- Si un sistema parlamentario fuera “amarrado” entre los partidos mayoritarios que actualmente controlan el Legislativo, el país se vería peligrosamente pasando de un caudillismo de hecho a uno de derecho, pervirtiendo la naturaleza democrática del sistema que se impulsa. Aunque el Estado exige modernizarse, los pasos en esa dirección deben ser meditados para evitar que fracasen las reformas institucionales que la situación política del país exige
Luis Felipe Palacios [email protected]
El analista político Carlos Tünnermann opinó que la propuesta del opositor Frente Sandinista (FSLN) de reformar la Constitución para establecer en Nicaragua un sistema parlamentario en vez de un sistema presidencialista, es “preocupante”, porque además de confrontar las reformas que prepara el Ejecutivo para la reorganización de los Poderes del Estado, intenta institucionalizar los llamados “De Cara al Pueblo”.
Argumentó que es “preocupante, porque para que Nicaragua pase de un sistema presidencialista a un sistema parlamentario se requiere no una simple reforma parcial de la Constitución, sino una Constituyente”. “Y actualmente los Poderes del Estado, si bien deben coordinarse armónicamente, son independientes entre sí, cosa que no sucede en el sistema parlamentario, donde el Ejecutivo depende del Parlamento”, añadió.
Asimismo, Tünnermann observó que la propuesta de establecer como contraparte del Parlamento un “Congreso Popular”, no es muy clara: “Más bien pareciera ser el envoltorio populista de la propuesta de parlamentarismo, algo así como la institucionalización de los “De Cara al Pueblo” de la década de los 80”, anotó.
Indicó, además, que el país no ha alcanzado aún el nivel de madurez democrática como para intentar establecer un sistema parlamentario como el que existe en países europeos.
LLAMAN A NO DESCARTAR
Mientras, el ideólogo sandinista Aldo Díaz Lacayo instó a las principales fuerzas políticas del país y al Ejecutivo mismo, a no descartar la propuesta del FSLN de reformar la Constitución para establecer un sistema parlamentario.
“El parlamentarismo es un reto que vale la pena estudiar, y si estamos obligados por las circunstancias a modificaciones estructurales de las instituciones para ponerlas a tono con los cambios internacionales, convendría echarle un vistazo a la propuesta y por lo menos estudiarla y analizarla objetivamente”, razonó.

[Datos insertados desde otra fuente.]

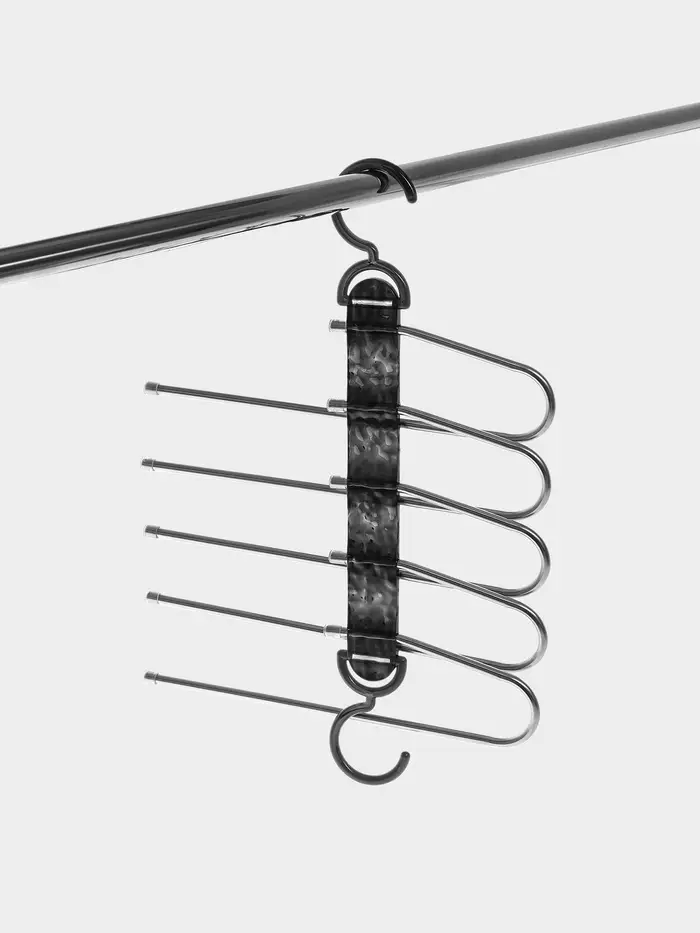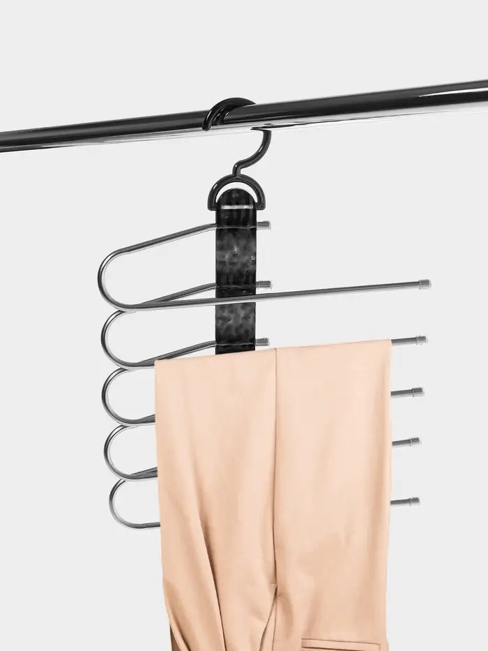 Многоуровневая конструкция помогает эффективно использовать пространство в шкафу, а металлический каркас выдерживает даже плотные ткани. Вешалка не занимает много места, но при этом позволяет хранить до 5 пар брюк или юбок одновременно. Это решение для тех, кто ценит порядок и стиль в деталях.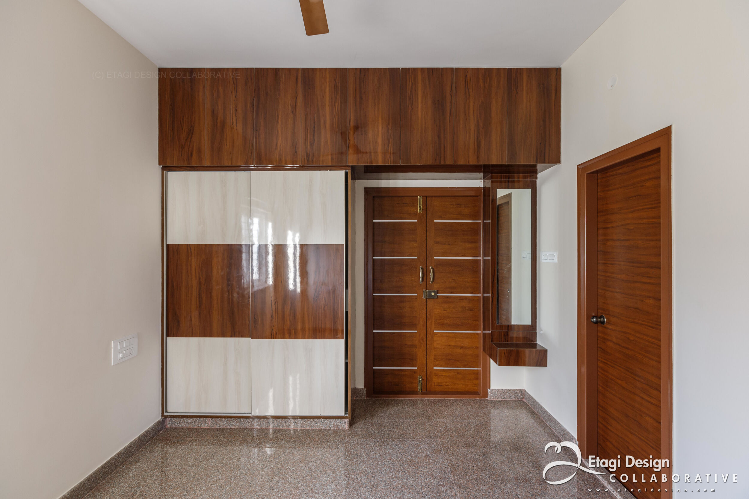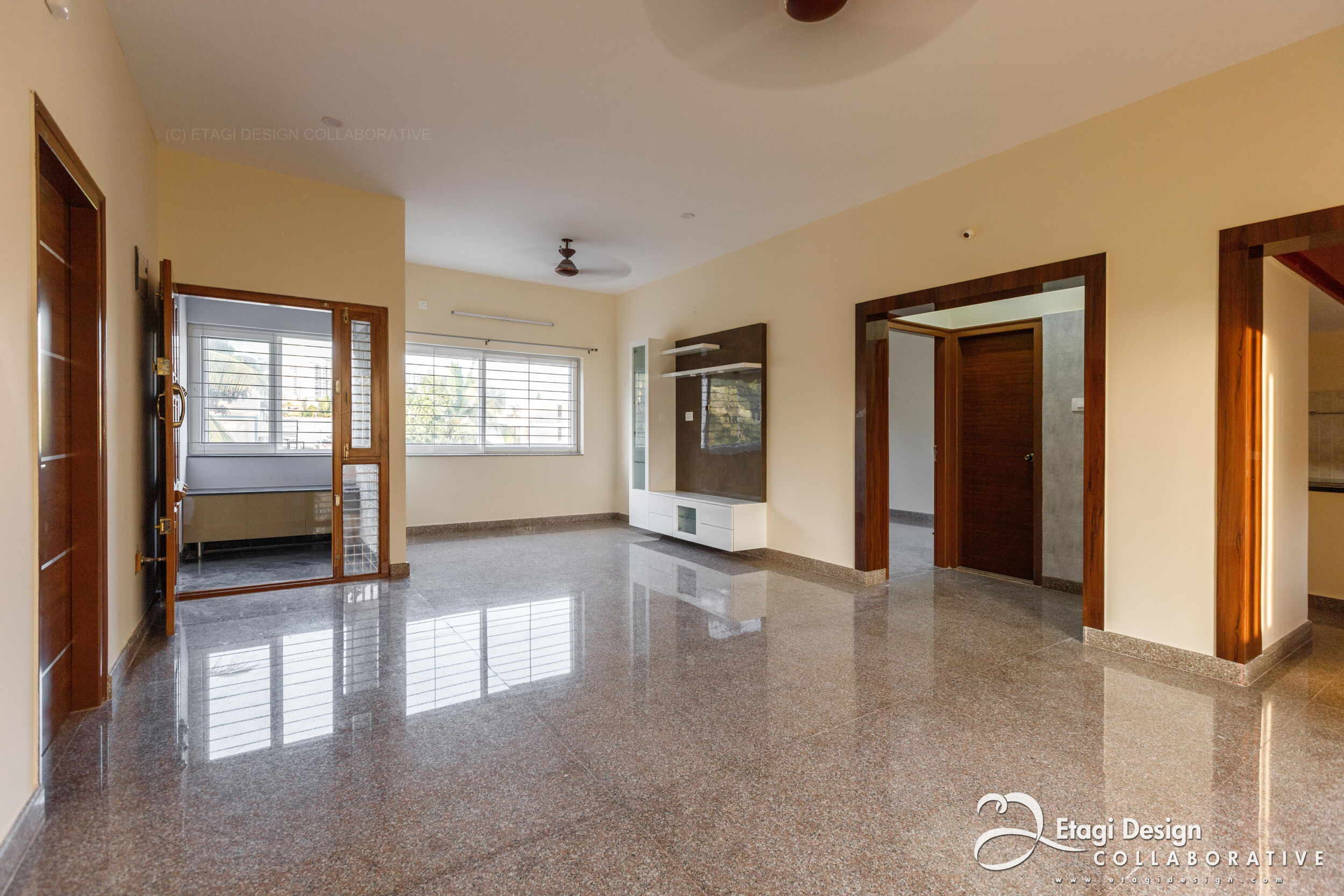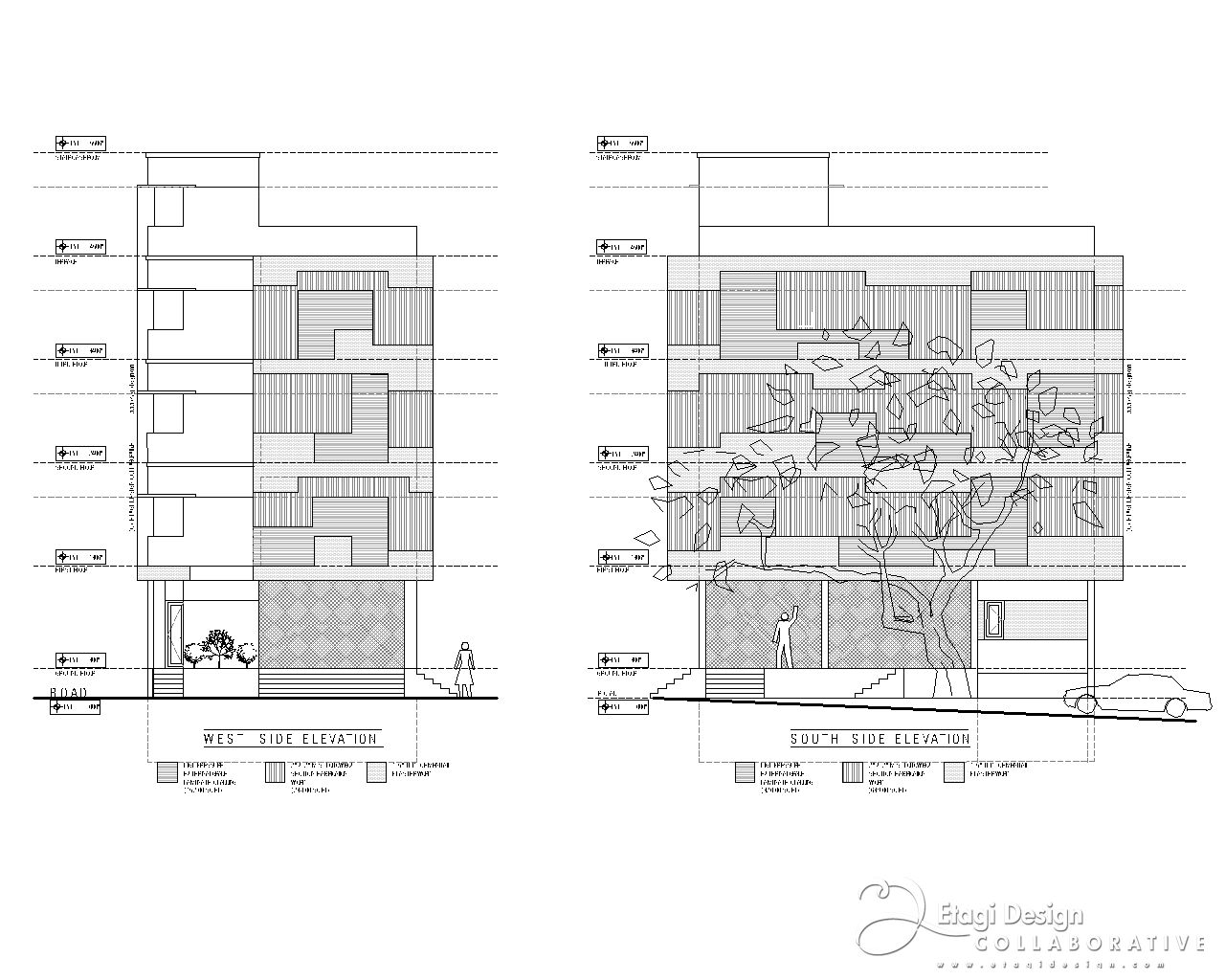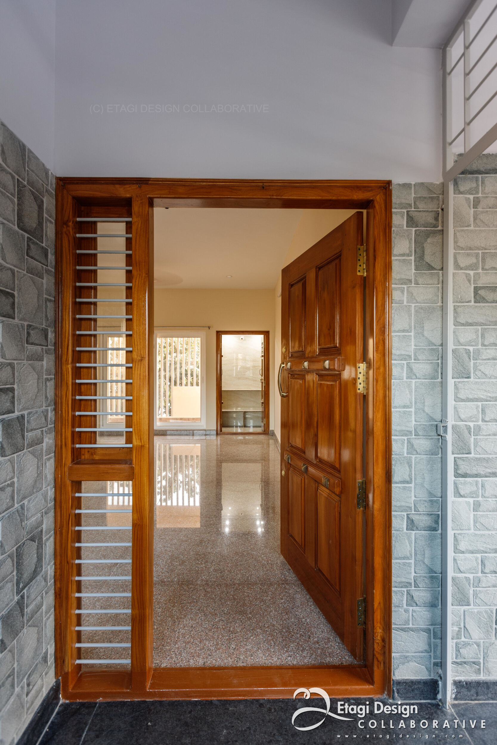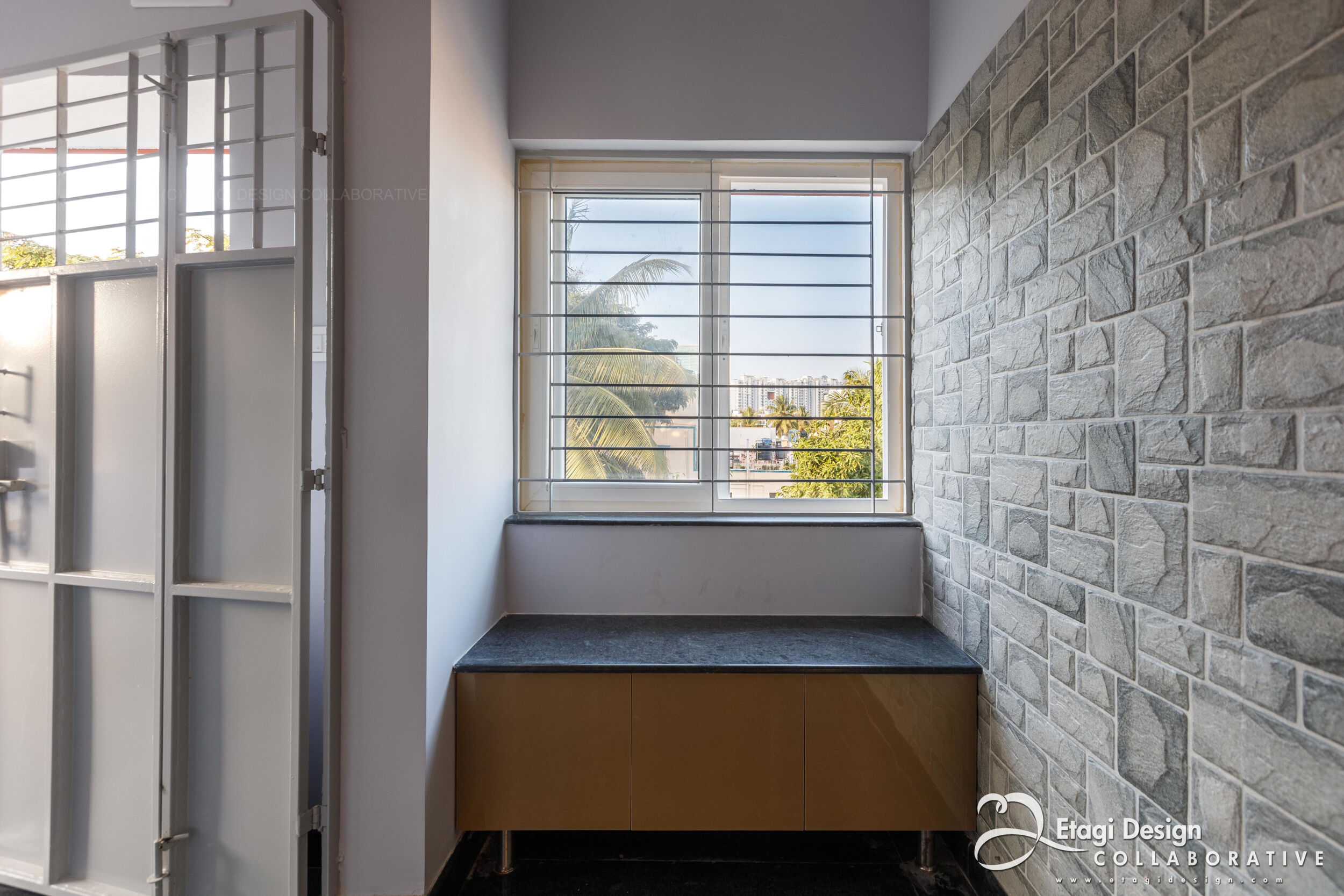The Mixed-Use Multi-Dwelling Unit in Subramanya Nagar, Bangalore, stands on a 9M × 13M (30' × 45') corner plot, embracing a strategic blend of commercial and residential spaces. Situated in the evolving North Western part of the city, once a low-income housing suburb, the project adapts to the changing landscape, transforming former industrial plots into a modern investment. With a basement for parking and ground floor for commercial purposes, the upper floors feature two-bedroom units designed for flexible use as homes or offices, ensuring continuous occupancy and income generation. The building, located just off Dr. Rajkumar Road, incorporates a perforated skin wall, crafted with lath plaster, fabricated metal grills, and exterior-grade laminates, providing both functional and aesthetic benefits, shielding the structure from the elements while creating an intriguing elevation element. The addition of a buffer space between the main building and the skin wall, adorned with plants, introduces a visually refreshing element in the midst of the bustling urban environment.

Observó que Nicaragua vive una crisis institucional estructural y no porque el PLC, el FSLN o la facción bolañista del gobierno no se pongan de acuerdo, sino que la crisis institucional obedece a los cambios radicales en el mundo.
Añadió que el parlamentarismo tiene virtudes, como el hacer más participativas las opiniones del ciudadano: “En el presidencialismo, el ciudadano delega la representación en el diputado, y en el parlamentarismo no sólo la delega, sino que se convierte en partícipe”.
ANALISTAS DESCARTAN OTRO SISTEMA
La propuesta de establecer un sistema parlamentarista en Nicaragua generó diversas opiniones entre analistas y expertos.
Carlos Tünnerman, analista político
“Quizás sea mejor perfeccionar el actual sistema presidencialista, que tiene tantas fallas, antes de lanzarnos a la aventura de un régimen parlamentario”.
Alejandro Serrano, analista político
“Si lo que se pretende es quitar poderes al Ejecutivo, en el caso actual, el presidente no tiene el control del Parlamento, sino que éste radica en las dos fuerzas mayoritarias, así que no tiene razón de ser, si ese es el objetivo”.
Lenadro Marín Abaunza, secretario de la Presidencia
“Ir a un sistema de reforma constitucional total proponiendo un sistema o régimen parlamentario, creo que eso sería un fracaso dentro de la idiosincrasia de la América Latina”.
Asunción Moreno, especialista en
Derecho Constitucional
“Creo que Nicaragua no está preparada, sin embargo es el momento en que hay que plantearse cambios, es momento de modernizar el Estado”.